# IPA - Pilsner and Caramunich II



## stakka82 (14/2/13)

Hey all,

I've just crushed grains for an ANZUS themed IPA I'll brew tomorrow night. Pretty excited about it, recipe is as follows:

JW Pilsner 95%
Caramunich II 5%

OG 1060
IBU 63

Columbus @ 60
Columbus, Galaxy and Nelson @ 15
Columbus, Galaxy and Nelson @ 5
Columbus, Galaxy and Nelson Dry hop 2g/L

Mash @ 64, US-05

Wondering if anyone has done an IPA with no American style crystal in it before? I've never brewed an ale with just Caramunich as the crystal before, thoughts/experiences with that?

Cause I'm not brewing till tomorrow night I have a chance to chuck in some medium or dark crystal if need be to sweeten it up a bit.


----------



## sponge (14/2/13)

I've brewed a few APA/IPA's using heritage xtal since its so delicious.

Always works well.

You could even increase the mash temp slightly if you want it to finish sweeter.


----------



## micblair (14/2/13)

Whilst you can make some pretty awesome beers with simple malt bills, I sometimes found certain aspects were lacking. With 60 IBU's coming from some pretty characteristic hops such Nelson and Galaxy, you may want a little more malt depth other than just 5% caramunich T2. I would be incorporating 10-15% Munich malt also. 

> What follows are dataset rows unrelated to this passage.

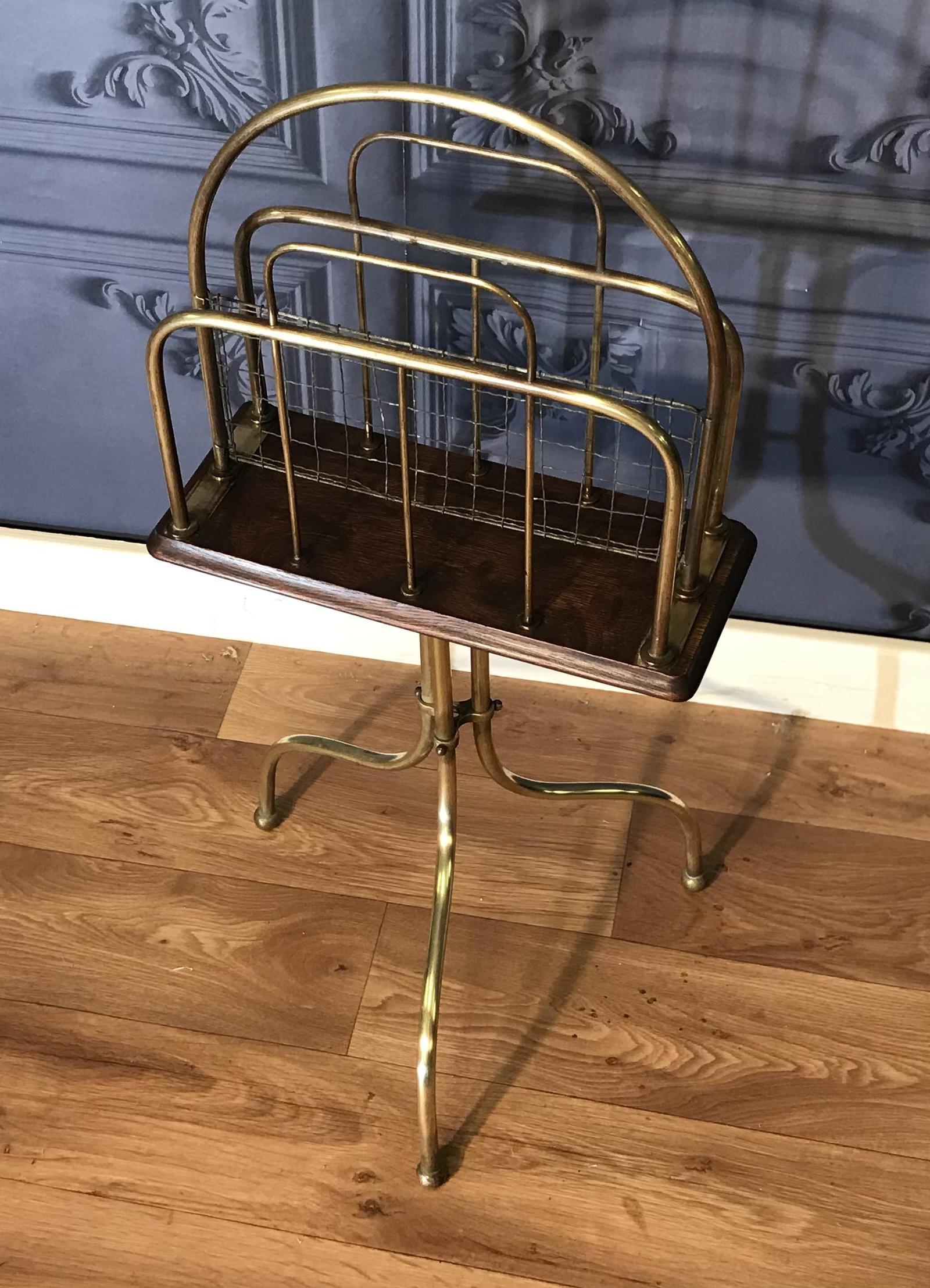 Victorian Brass & Oak Revolving Paper Rack by William Tonks
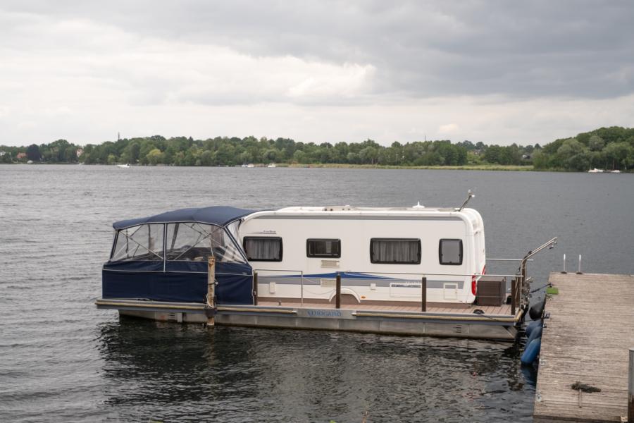 Zum Ende hin kommen wir an den Glindower See und laufen an der Uferkante zwischen See und Ferienhäusern immer noch idyllisch unter Bäumen zurück zum Parkplatz.
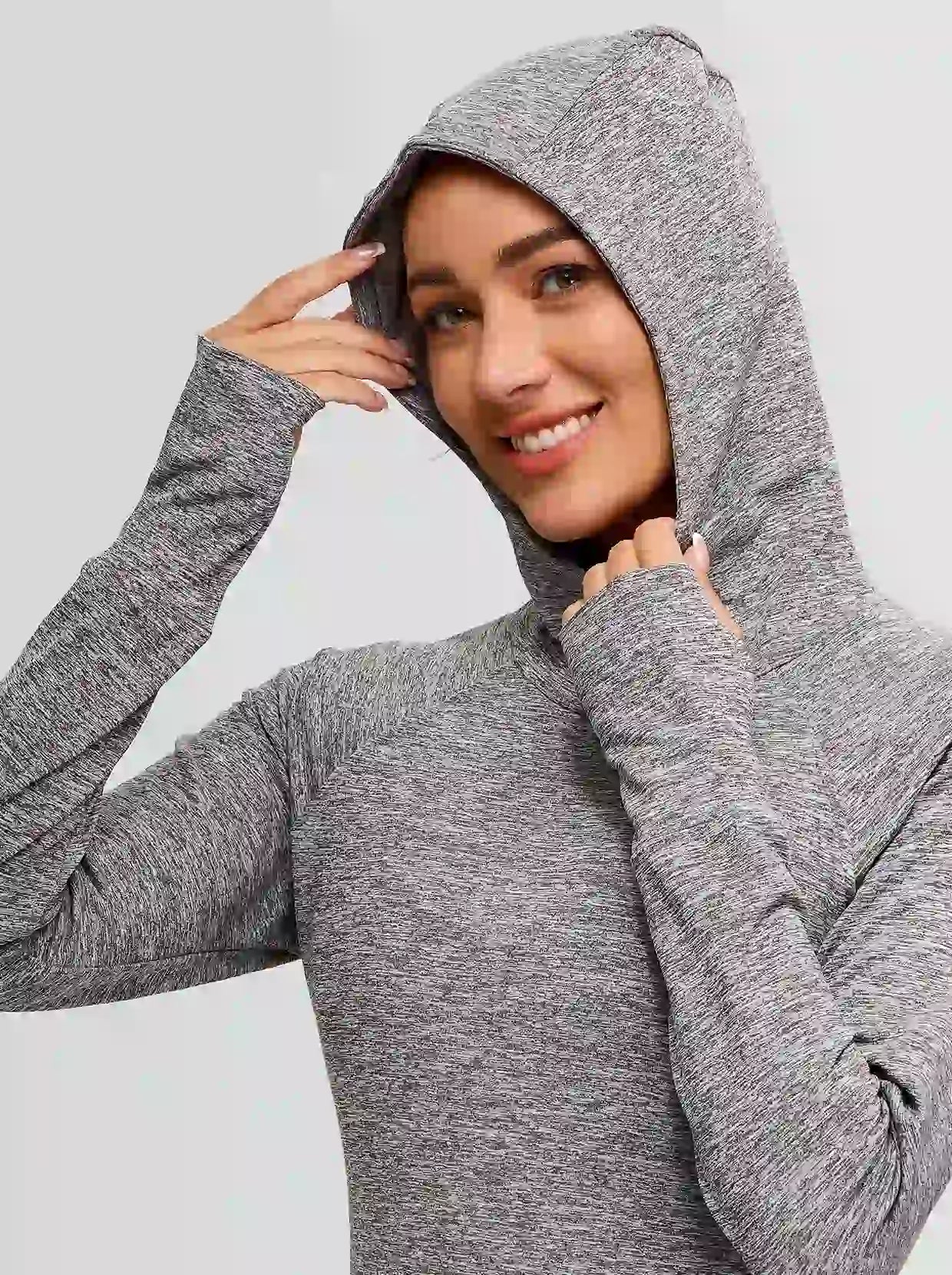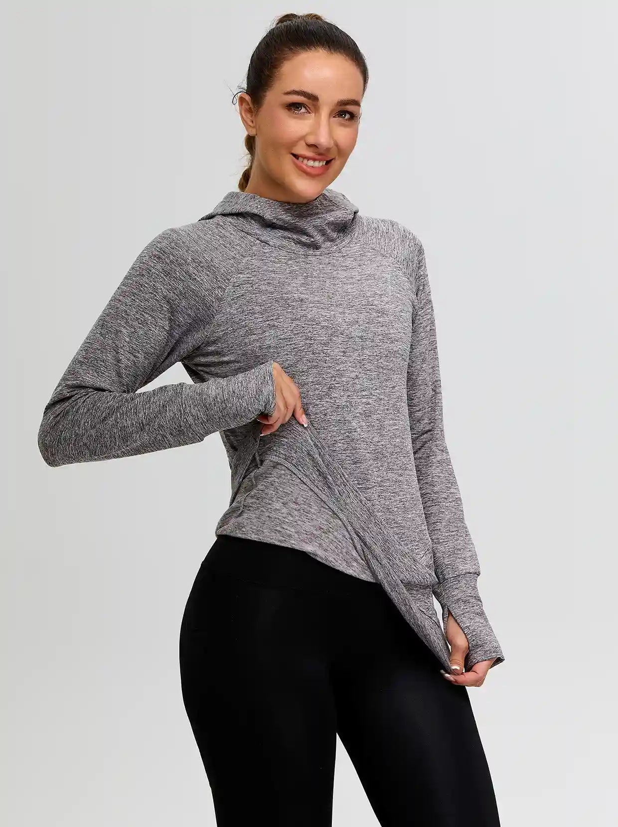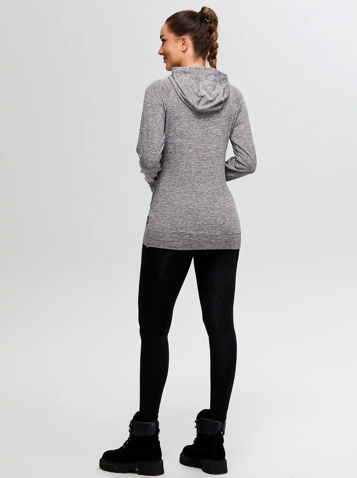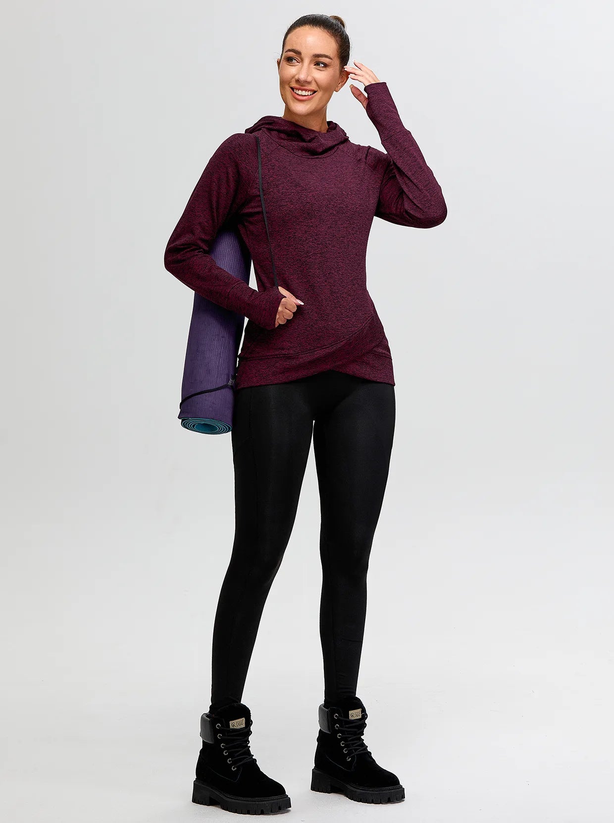 Hoodie Crossed Hem Long-sleeve Thermal Tops

My recent single hop Centennial IPA a few months back which had the following grain bill. 

OG 1.060; SG 1.012

Malt
75% Pale
15% Munich
5% wheat
3% Caramunich T3
2% Acid malt.

Hops
0.7 g/L @ 60 min
2 g/L @ 20
2 g/L @ 10
2 g/L @ 5
2 g/L @ 0

1 g/L dry hopped

Yeast: 1272 @ 12C


----------



## stakka82 (14/2/13)

With respect, I don't think 10 percent regular munich is going to shine through with that particular hop bill and the caramunich.

My question is basically should I add crystal on top or not.


----------



## micblair (14/2/13)

15% Munich, and Caramunich T2 is a crystal malt; but the question you should be asking yourself is: do you want 10% crystal malts as your grain bill? 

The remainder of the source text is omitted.